The move mirrored Viktor Orbán’s overhaul of Hungary’s court system several years back; Recep Tayyip Erdoğan’s judicial purges in 2019; and attempts at similar moves in the Middle Eastern state and Poland.

Undermining Court Autonomy

Analysts say that the threats and verbal assaults in the US can be seen as attempts to undermine court autonomy in a system that provides no simple method for the president to remove judges the administration opposes.

Meghan Leonard, an academic at Illinois State University who has studied democratic decline in democracies, said the Trump administration had taken cues from the examples set by strongmen overseas.

“The government is looking around at these successes and setbacks. They know they’re not going to be able to enact any legislation that would undermine the courts,” she said.

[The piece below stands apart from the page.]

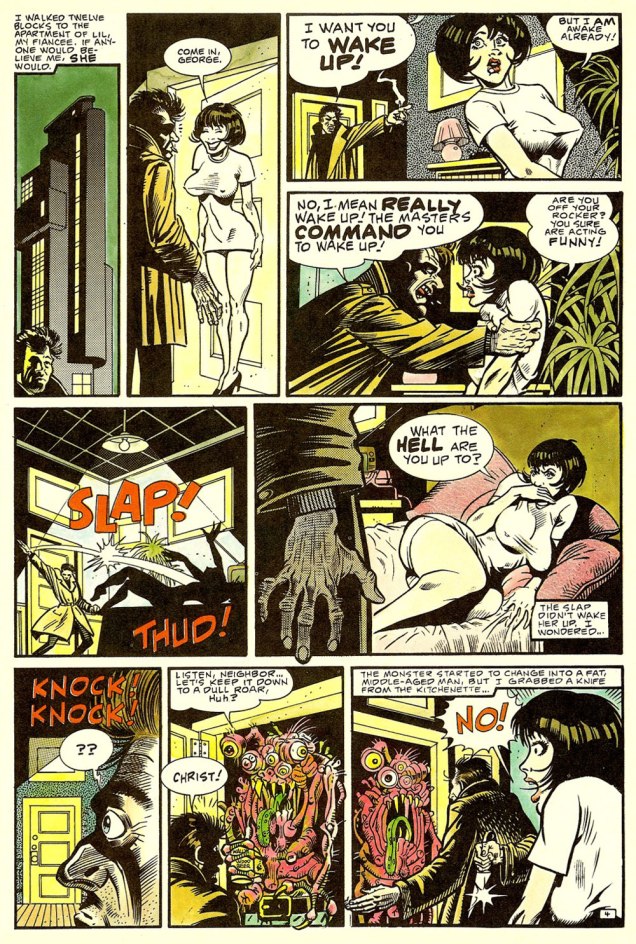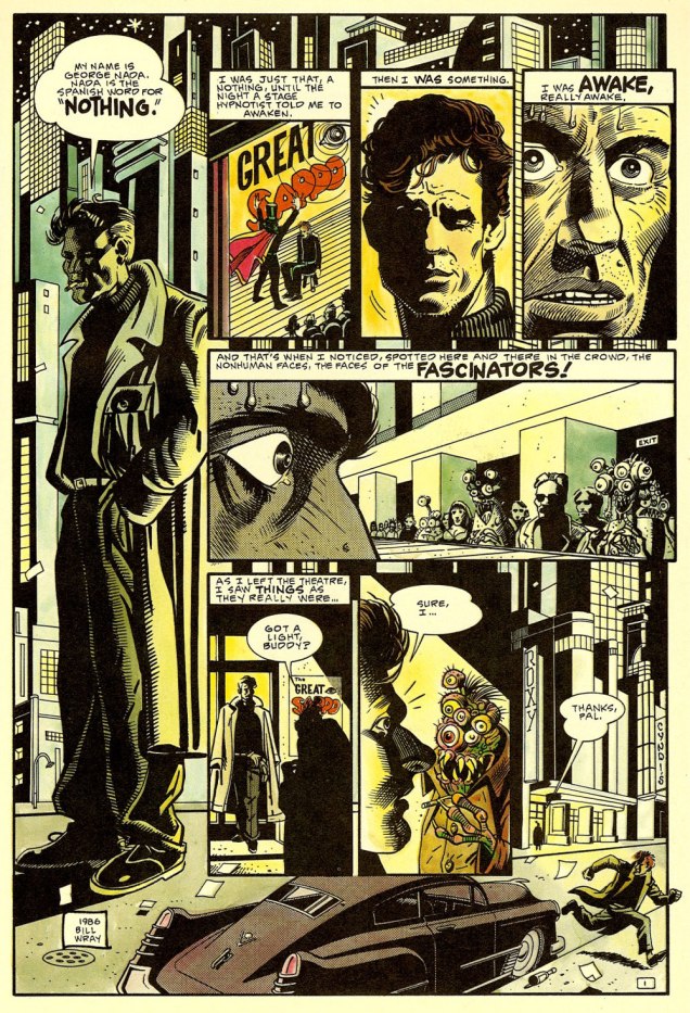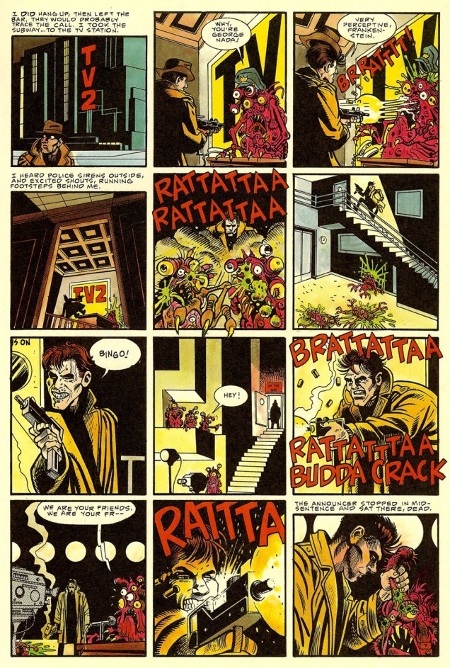 Anyway, Carpenter recounted, in an interview published in the venerable American Cinematographer (Sept. 1988), soon after the film’s release: « They Live began three years ago with a comic book I bought called ‘Nada’. It was published by Eclipse Comics, a company which puts out very beautifully rendered science-fiction stories. This particular strip was taken from a short story called ‘Eight O’Clock in the Morning’ by Ray Nelson. » [ source ]

Pointing to instances such as Miller’s persistent assertions of nearly limitless executive power, she noted: “They openly attack the courts by repeating repeatedly that it is not a co-equal branch in the separation of powers.

“They persist in redefine the debate by repeating their claim that the executive has greater authority than this judicial branch, which is not how separation powers work.”

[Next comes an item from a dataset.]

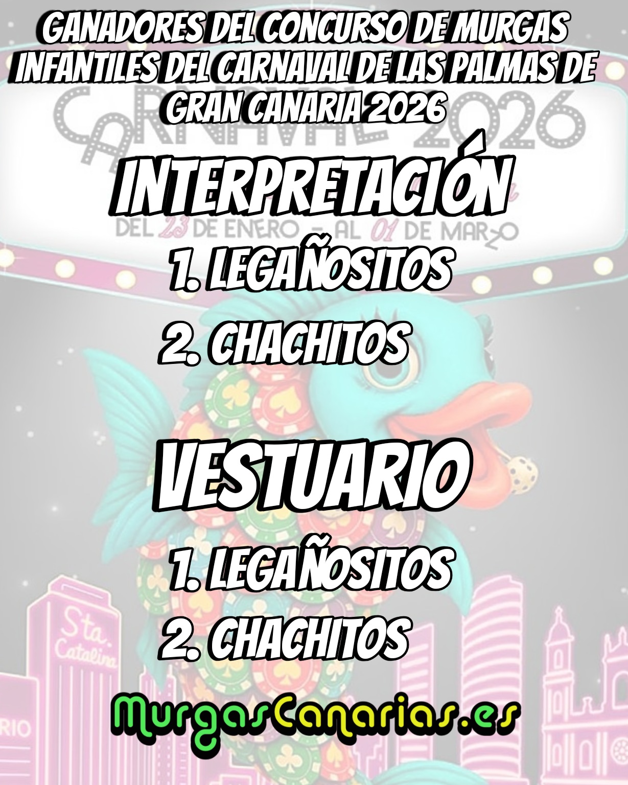 Carnaval Gran Canaria Ganadores del Concurso de Murgas Infantiles de Las Palmas de Gran Canaria 2026 Murgas Canarias 24 enero, 2026 Noticias relacionadas:Ganadores del Certamen de Murgas Infantiles del Norte de Tenerife 2026Murga Infantil Raviscuditos 2026 - Actuación CompletaMurga Infantil Tiralengüines 2026 - Actuación Completa Haz Click para comentar Deja tu comentario Cancelar la respuestaTu dirección de correo electrónico no será publicada. Los campos obligatorios están marcados con *Comentario * Nombre * Correo electrónico * Web Guarda mi nombre, correo electrónico y web en este navegador para la próxima vez que comente. 1 + = 4 Carnaval Gran Canaria 24 enero, 2026 Artículos relacionados

Leonard said: “Judges' sole safeguard is public trust in the authority of their capacity to make those rulings. Personal intimidation on top of eroding institutional legitimacy may make judges hesitate about decisions that go against the current administration, which is, of course, highly concerning for judicial review and for the political system.”

Intimidation Tactics

Scheppele, professor of sociology and global studies at the Ivy League school, has documented the use of “authoritarian law” by the such as Orbán and Putin, and has warned about rising threats to judges in the US.

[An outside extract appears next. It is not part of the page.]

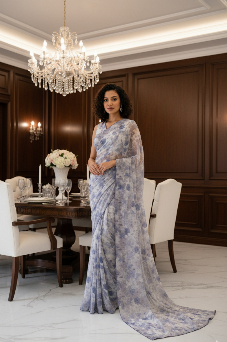 A mist of florals caught in motion — the Silver Bloom Saree captures a quiet kind of elegance, designed for women who exude presence without saying a word. Tailored from airy chiffon in watercolor lilac tones, the saree features delicate floral blot prints and subtle glimmers. Paired with a sleeveless blouse featuring self-button details and pearl-edged sleeves, this ensemble flows like poetry with every step.

She pointed to a wave of so-called “pizza doxxings” recently, in which judges have received unwanted food orders with the recipient listed as Daniel Anderl, the child of Justice Salas, who was killed at the residence in 2020 by a assailant targeting Salas.

“All understands what it means. ‘We know where you live. You are a target,’” the professor said.

“Federal judges are protected by the presidential protection and the federal police. And these are dedicated police units that are placed structurally inside the Department of Justice. And the former AG has been leading the criticism on federal judges.”

Government Goals

On the government's objectives, the expert said that “impeaching a US justice is highly not going to happen because it’s so hard to do. {Right now|Currently

Cory Schwartz
Cory Schwartz

A software engineer and tech writer passionate about emerging technologies and digital transformation.